= WHAT TO WORK ON =
Set down exactly the lines below, starting at the one that contains "廿日市市女子社会人野球チーム" and ending at the one that contains "敬和学園大学 授業アンケート集計", with both of those lines included and nothing else.

= DATA PROVIDED =

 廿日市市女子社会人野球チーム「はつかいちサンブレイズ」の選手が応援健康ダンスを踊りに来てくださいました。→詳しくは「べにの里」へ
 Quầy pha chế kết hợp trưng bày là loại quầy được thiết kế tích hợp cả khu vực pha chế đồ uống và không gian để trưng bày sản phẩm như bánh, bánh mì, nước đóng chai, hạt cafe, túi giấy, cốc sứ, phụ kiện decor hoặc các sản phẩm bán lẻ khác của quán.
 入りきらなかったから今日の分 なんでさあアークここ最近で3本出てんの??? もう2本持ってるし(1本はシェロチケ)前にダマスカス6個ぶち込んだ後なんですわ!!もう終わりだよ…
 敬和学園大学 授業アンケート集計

--

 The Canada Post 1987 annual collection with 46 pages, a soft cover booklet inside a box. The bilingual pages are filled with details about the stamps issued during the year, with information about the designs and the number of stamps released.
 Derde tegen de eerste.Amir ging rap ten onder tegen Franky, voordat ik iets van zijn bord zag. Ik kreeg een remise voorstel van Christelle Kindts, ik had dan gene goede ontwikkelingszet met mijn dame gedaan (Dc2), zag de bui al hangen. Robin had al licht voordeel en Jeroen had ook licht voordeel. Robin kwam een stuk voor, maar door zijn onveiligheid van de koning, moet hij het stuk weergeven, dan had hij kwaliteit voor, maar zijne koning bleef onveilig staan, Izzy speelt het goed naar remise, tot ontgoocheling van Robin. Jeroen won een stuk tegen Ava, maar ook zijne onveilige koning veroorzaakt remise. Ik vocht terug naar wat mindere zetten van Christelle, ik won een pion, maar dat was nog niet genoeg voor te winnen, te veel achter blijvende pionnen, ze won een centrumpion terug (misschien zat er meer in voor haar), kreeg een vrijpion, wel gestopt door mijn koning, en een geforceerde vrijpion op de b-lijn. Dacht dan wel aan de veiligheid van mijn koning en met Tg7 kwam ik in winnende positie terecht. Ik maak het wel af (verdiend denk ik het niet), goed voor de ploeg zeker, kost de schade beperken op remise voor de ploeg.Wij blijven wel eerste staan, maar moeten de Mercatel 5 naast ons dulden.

= RESPONSE BOX =
 廿日市市女子社会人野球チーム「はつかいちサンブレイズ」の選手が応援健康ダンスを踊りに来てくださいました。→詳しくは「べにの里」へ
 Quầy pha chế kết hợp trưng bày là loại quầy được thiết kế tích hợp cả khu vực pha chế đồ uống và không gian để trưng bày sản phẩm như bánh, bánh mì, nước đóng chai, hạt cafe, túi giấy, cốc sứ, phụ kiện decor hoặc các sản phẩm bán lẻ khác của quán.
 入りきらなかったから今日の分 なんでさあアークここ最近で3本出てんの??? もう2本持ってるし(1本はシェロチケ)前にダマスカス6個ぶち込んだ後なんですわ!!もう終わりだよ…
 敬和学園大学 授業アンケート集計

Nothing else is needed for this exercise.